Otherwise the set-up doesn't look particularly good, personally I would be embarrassed if that was what my starter kits were like.

Also I would like to point out that the kit includes a starter but does not say starter unit. 
There is also just a starter in the picture and not a starter unit so you could end up buying this enclosure and end up with nothing to plug the UVB into which would be hilarious to say the least.


----------



## geckocider (Nov 22, 2010)

how long would a 2 foot viv last for two babies? the advert stated the viv was good until the babies were 28 cm!! Thats pretty bad having two in there of that size. 
Most pet shops sell well grown on babies aged 4 months so this viv would need to be replaced quite quickly. 
I had a baby beardie she lived in a 3x2x2 foot viv and i felt that it wasnt big enough.
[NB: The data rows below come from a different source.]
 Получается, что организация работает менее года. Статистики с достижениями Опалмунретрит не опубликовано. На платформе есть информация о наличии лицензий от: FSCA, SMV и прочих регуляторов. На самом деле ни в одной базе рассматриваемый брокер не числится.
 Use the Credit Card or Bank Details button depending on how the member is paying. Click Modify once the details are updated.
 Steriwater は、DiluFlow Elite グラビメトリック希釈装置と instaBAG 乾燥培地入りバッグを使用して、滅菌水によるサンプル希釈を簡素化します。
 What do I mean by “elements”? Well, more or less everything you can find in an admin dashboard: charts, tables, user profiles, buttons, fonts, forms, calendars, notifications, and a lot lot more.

I really hate the word minimum size required because 99% of new keepers just shove their pet in the minimum size. 
My bosc is the size of an adult bearded dragon so could technically live in a 3x2x2 but hes in a 6x3x3 because minimum isnt good enough (he also has run of the house) 
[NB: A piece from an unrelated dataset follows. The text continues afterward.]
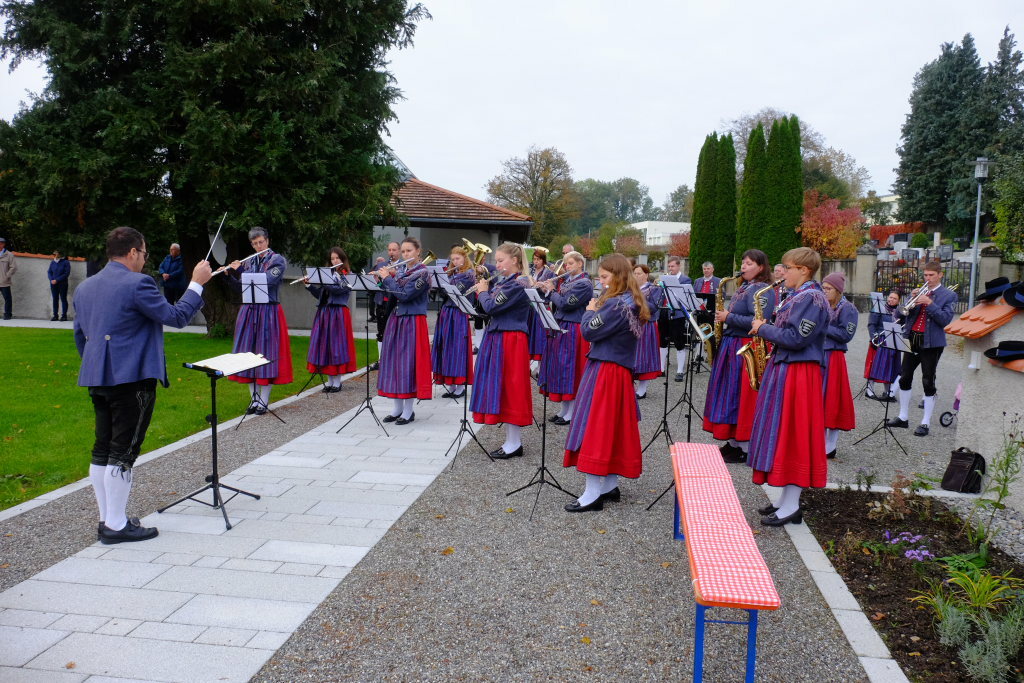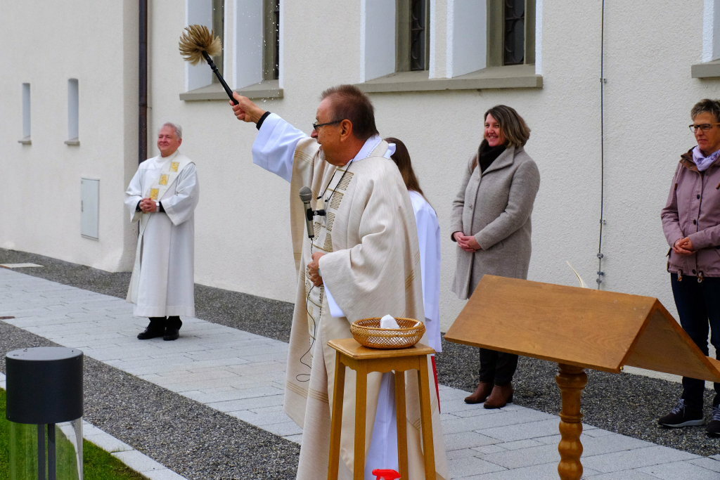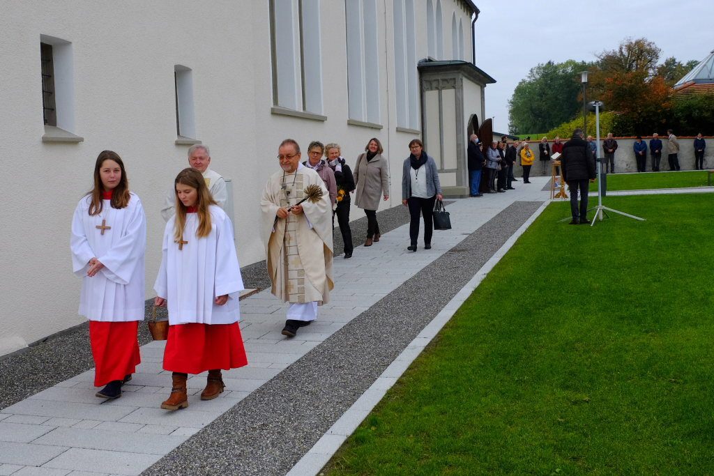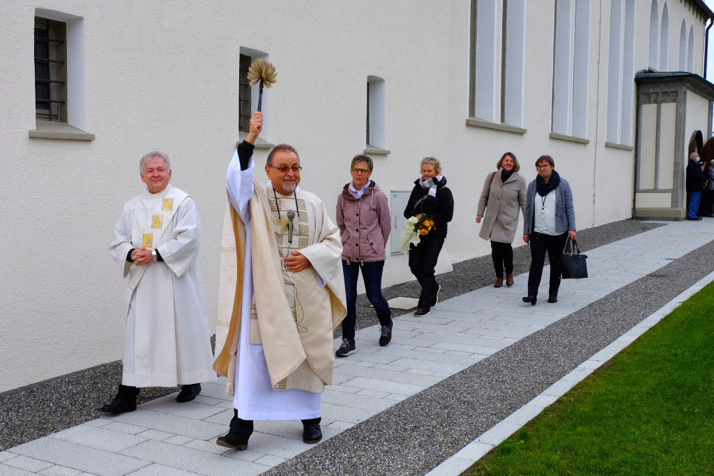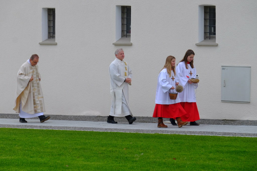 Und während Pfarrer Notz die von Planstatt Senner rund um die Kirche neuangelegten Wege segnete, spielte die Musikkapelle ganz passend „Großer Gott wir loben Dich.“

just hate it wen the wrong advice is given.. 

Anyway Argos have removed the viv from sale today as they had recieved 100s of complaints


----------



## rhys_d (Apr 17, 2012)

ahhh really i didnt know they had removed it. i was only talking to the bloke in my local reptile shop about two days ago about this.

yeah the set up is terrible and theres so much missing from it its mad but like you say its the advice thats missing thats the worst thing. i mean its all well and good being able to go in and buy a viv from there but that doesnt give you the knowledge to actually look after the animal you intend to put in there.
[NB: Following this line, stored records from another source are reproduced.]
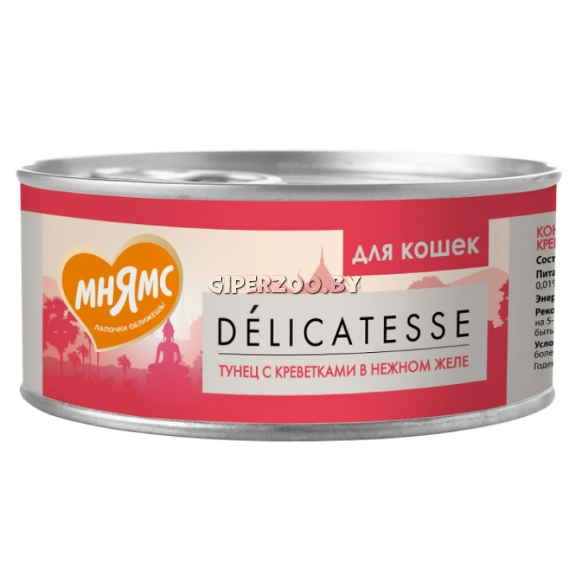 Консервы для кошек «Мнямс» состоят исключительно из отборных натуральных компонентов и не содержат сою, искусственные красители и усилители вкуса. В процессе производства консервов используется только отборное парное и охлажденное, а не замороженное сырье. Консервы на основе тунца изготовлены с добавлением креветок.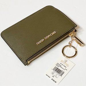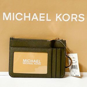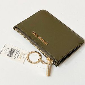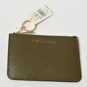 Michael Kors Jet Set Travel Small Top Zip Coin Pouch ID Key Holder Wallet Olive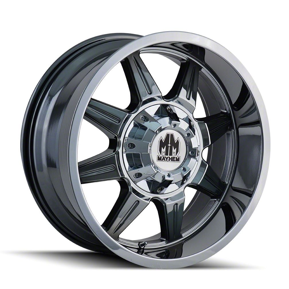 The 22x10 Mayhem Wheels Monstir Chrome 6-Lug Wheel is completed in a high-quality, triple-process chrome finish that will be the envy of everyone. For added protection and good looks, there is a durable clear coat that handles the rigors of daily driving.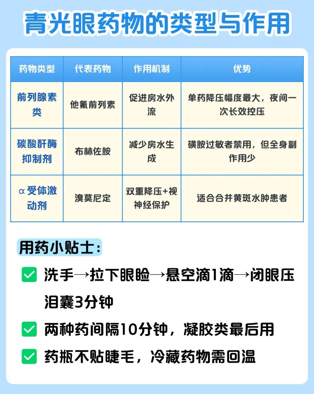 同时使用多种药水:同时使用多种眼药需间隔5-10分钟,避免药物稀释或相互作用。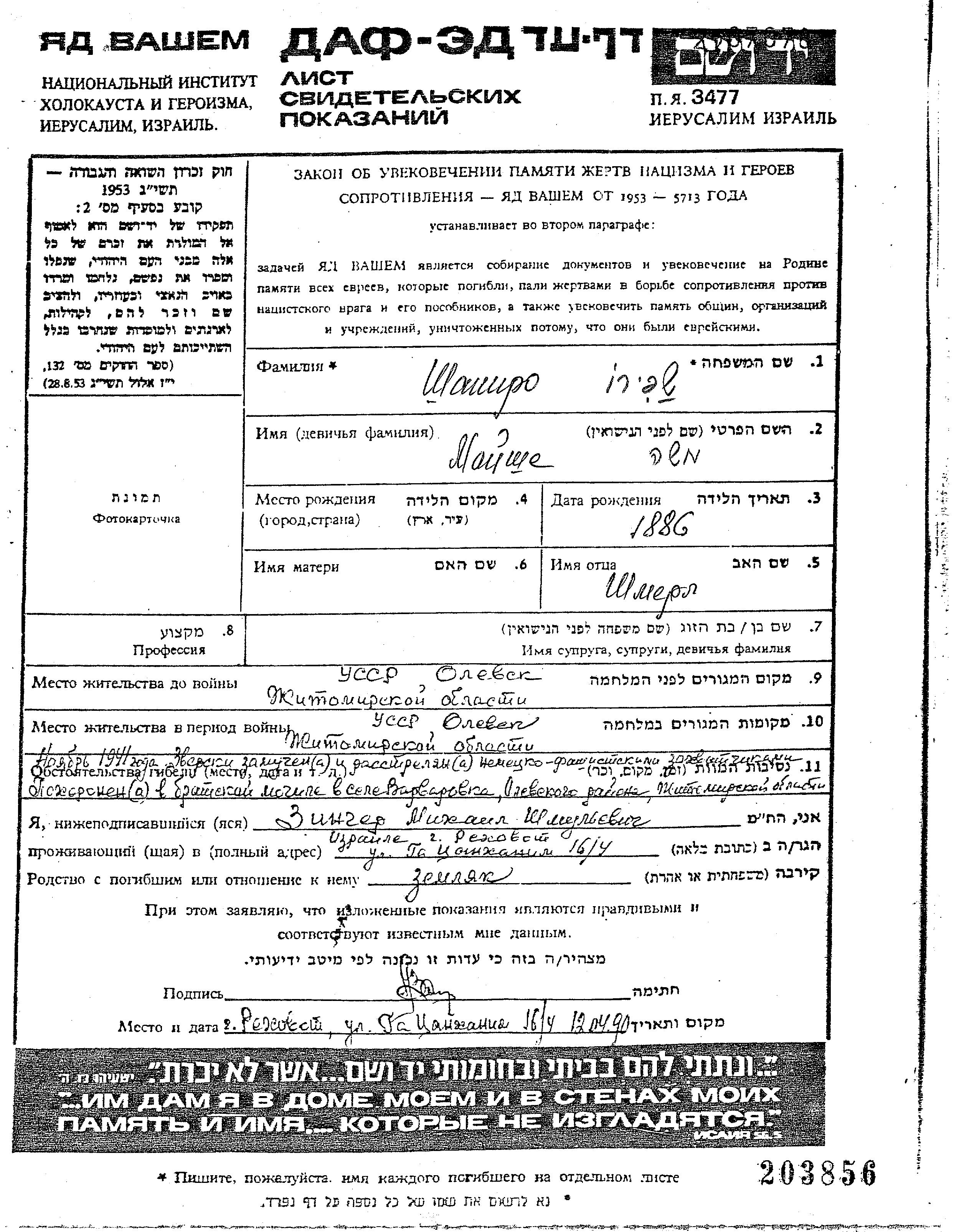 Shapiro Moishe 1886 Olevsk, Ukraine (UdSSR) Gedenkblatt

personally i think its ignorant of argos to even think this was a good route to go down.

but hey if its removed thats great and hopefully other retailers will think twice


----------



## geckocider (Nov 22, 2010)

herptek said:


> ahhh really i didnt know they had removed it. i was only talking to the bloke in my local reptile shop about two days ago about this.
> 
> yeah the set up is terrible and theres so much missing from it its mad but like you say its the advice thats missing thats the worst thing. i mean its all well and good being able to go in and buy a viv from there but that doesnt give you the knowledge to actually look after the animal you intend to put in there.
> 
> ...


Im not sure if your know but Wilkinsons also sell vivs as far as im aware they dont state what size viv its for or they dont sell packages... they are qyluite cheap for viv tho.


----------



## Rabb (Jan 13, 2010)

The Wilkinsons stuff is VivExotic so at least its reasonable. Plus they don't give advice they simply sell the product.


----------



## abomb987 (Jan 15, 2012)

lmao when did the add this as i was only looking like last week and never came across it


----------



## ChrisKing (Sep 30, 2008)

to be fair they have a lot of reptile products on their site, and most are more expensive that reptile shops! you wouldnt be saving much money shopping at Argos for your reptile needs. 

I was expecting at least 30-40% off RRP price with it being Argos, knowing their buying power, but i know for a fact that a lot of wholesalers and manufactures are not happy with Argos selling their pet products, some dog food manufacturers asked Argos to take their products off their site and they only want independent stockists.


----------